Search code examples
plotjulialegend

Julia scatter plot legend based on colour of point


I am plotting two arrays against each other and basing their point colour on the index in the array using a dictionary. I need to now add a legend but am stuck.

I would value opinion on both a more condensed way of getting this plot from two arrays and a dictionary and also how to add a correct legend.

This is my mwe (my actually x and y has 7255 entries). You will see the legend is incorrect as I am using a loop.

using PyPlot
#dictionary key: index value:category
my_dict=Dict(1 => "male",2 => "female",3=> "male", 4=> "n/a",5 => "male",6 => "female")

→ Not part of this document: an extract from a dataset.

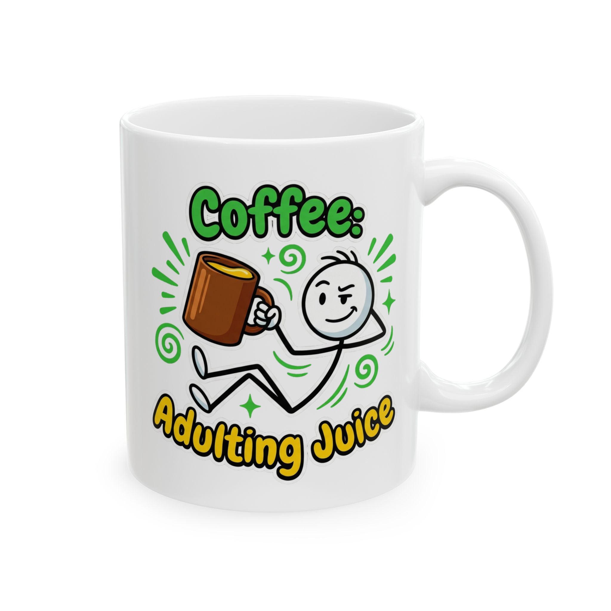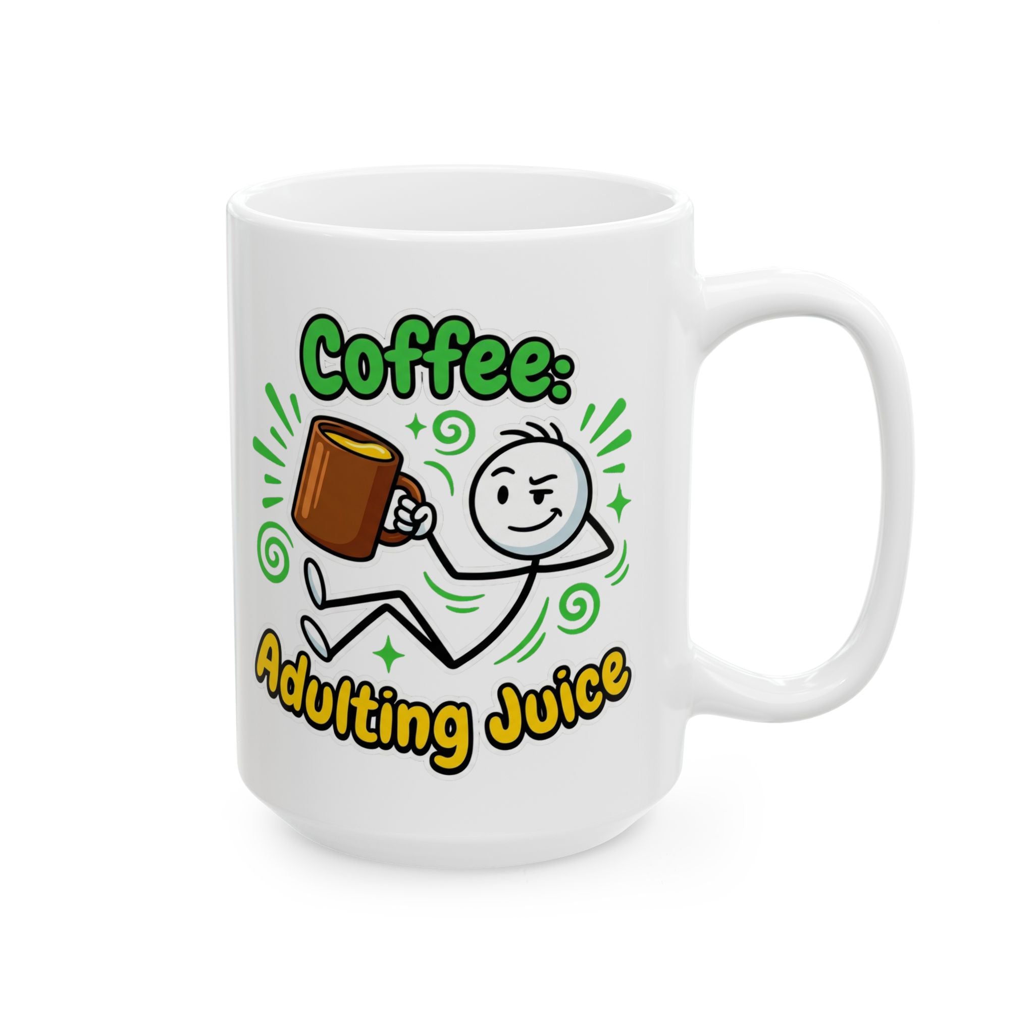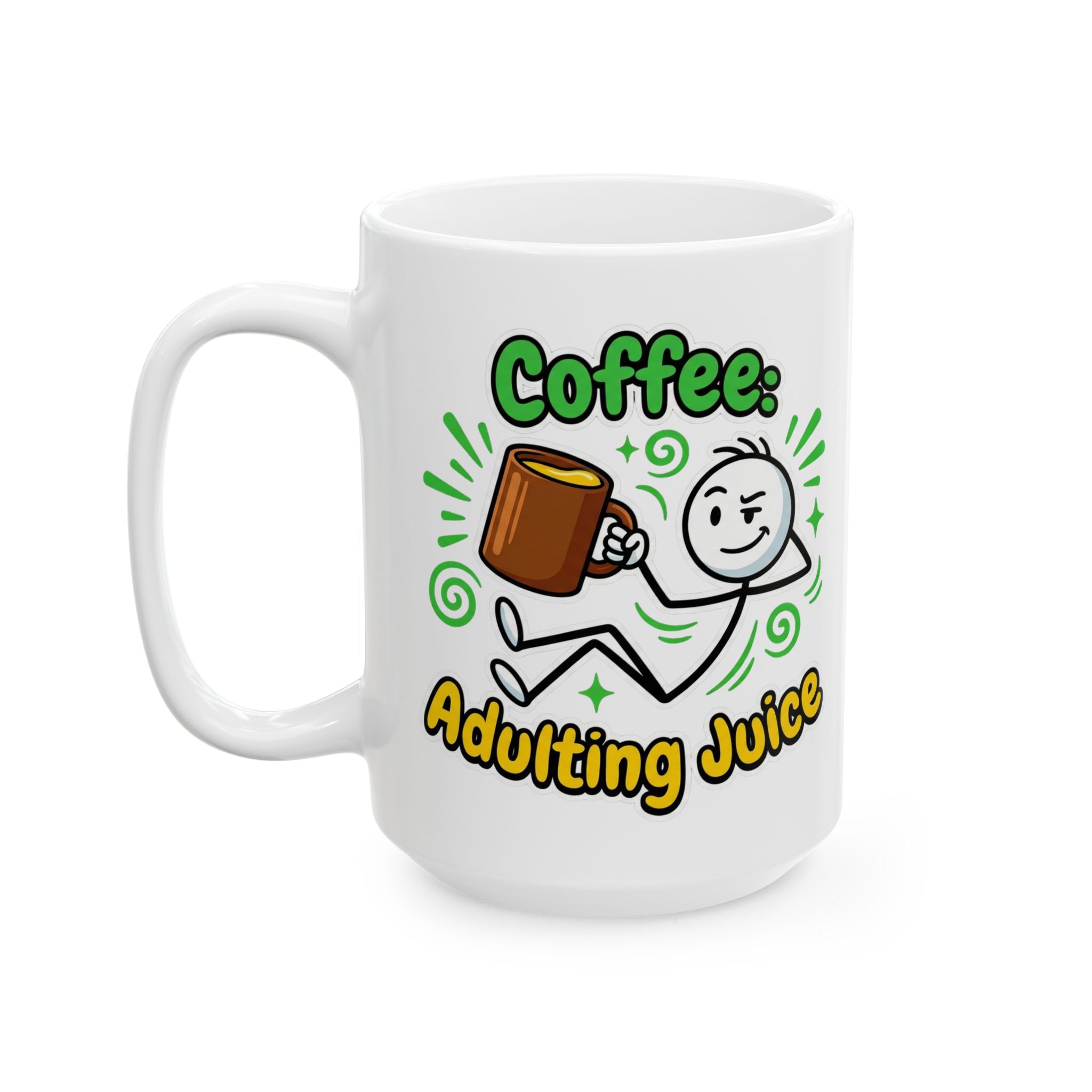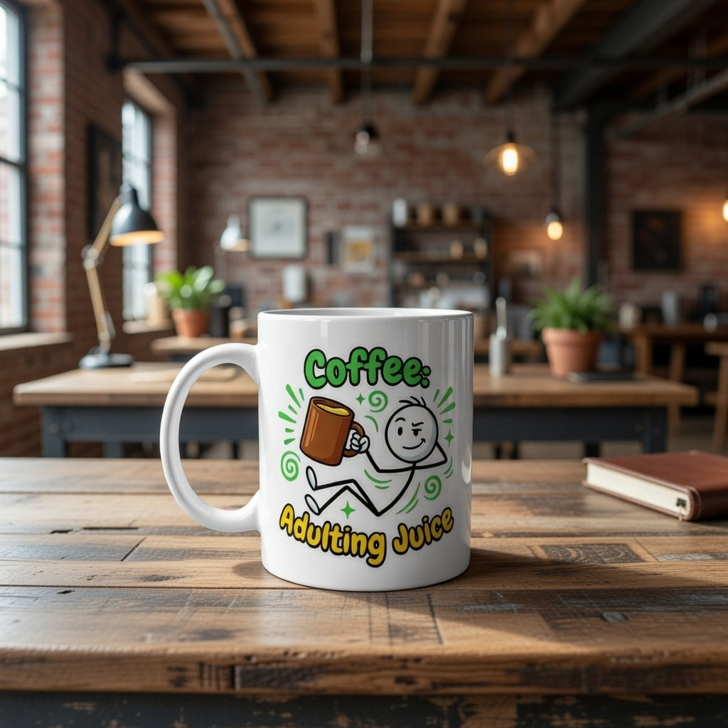 Coffee Adulting Juice White Ceramic Mug - Funny Coworker Gift (11oz, 15oz)

#assign colour to index based on category in my_dict
function point_colour(idx, my_dict)
  if my_dict[idx]=="male"
        colour="blue"
    elseif my_dict[idx]=="female"
        colour="red"
    else
        colour="black"
    end
    return colour    
end

 #plot x against y using assigned index colour   
f = figure()
plt.figure(figsize=(14,2.5))
x=[1,2,3,4,5,6]
y=[3,4,5,6,7,8]

for i in 1:length(x)
    col=point_colour(i, my_dict)
    plot(x[i],y[i], "o", color=col, label=my_dict[i])
end

plt.legend()
plt.show()



OUTPUT: enter image description here


Solution

  • It's adding the legend entry multiple times because you are plotting each point individually. You have two options:

    1. Group the points by label (i.e. all the male points in one array) and then do one plot call for each of these grouped lists, with the corresponding label.

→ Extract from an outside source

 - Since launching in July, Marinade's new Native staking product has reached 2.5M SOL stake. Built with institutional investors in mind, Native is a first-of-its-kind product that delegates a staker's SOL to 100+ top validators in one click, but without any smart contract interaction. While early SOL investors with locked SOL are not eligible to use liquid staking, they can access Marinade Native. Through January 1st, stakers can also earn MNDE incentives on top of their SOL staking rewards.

    2. If you want to keep iterating through a loop like you are now, modify your plotting loop to check if it has already added the legend entry by doing something like:

    labelled = [] #initialize empty list which we will use to keep track of which things we have labelled
    for i in 1:length(x)
        col=point_colour(i, my_dict)
        label = ""
        if my_dict[i] ∉ labelled #get the "not in" symbol by typing \notin + tab at REPL
            label = my_dict[i] #if we haven't already labelled this class, add it to the legend
            push!(labelled,label) #add to our list so we don't label it again
        end
        plot(x[i],y[i], "o", color=col, label=label)
    end
    

    You want it to only add the legend entry once, so what the code above does is check if you have already added it and if so don't label it, but still give it the right color.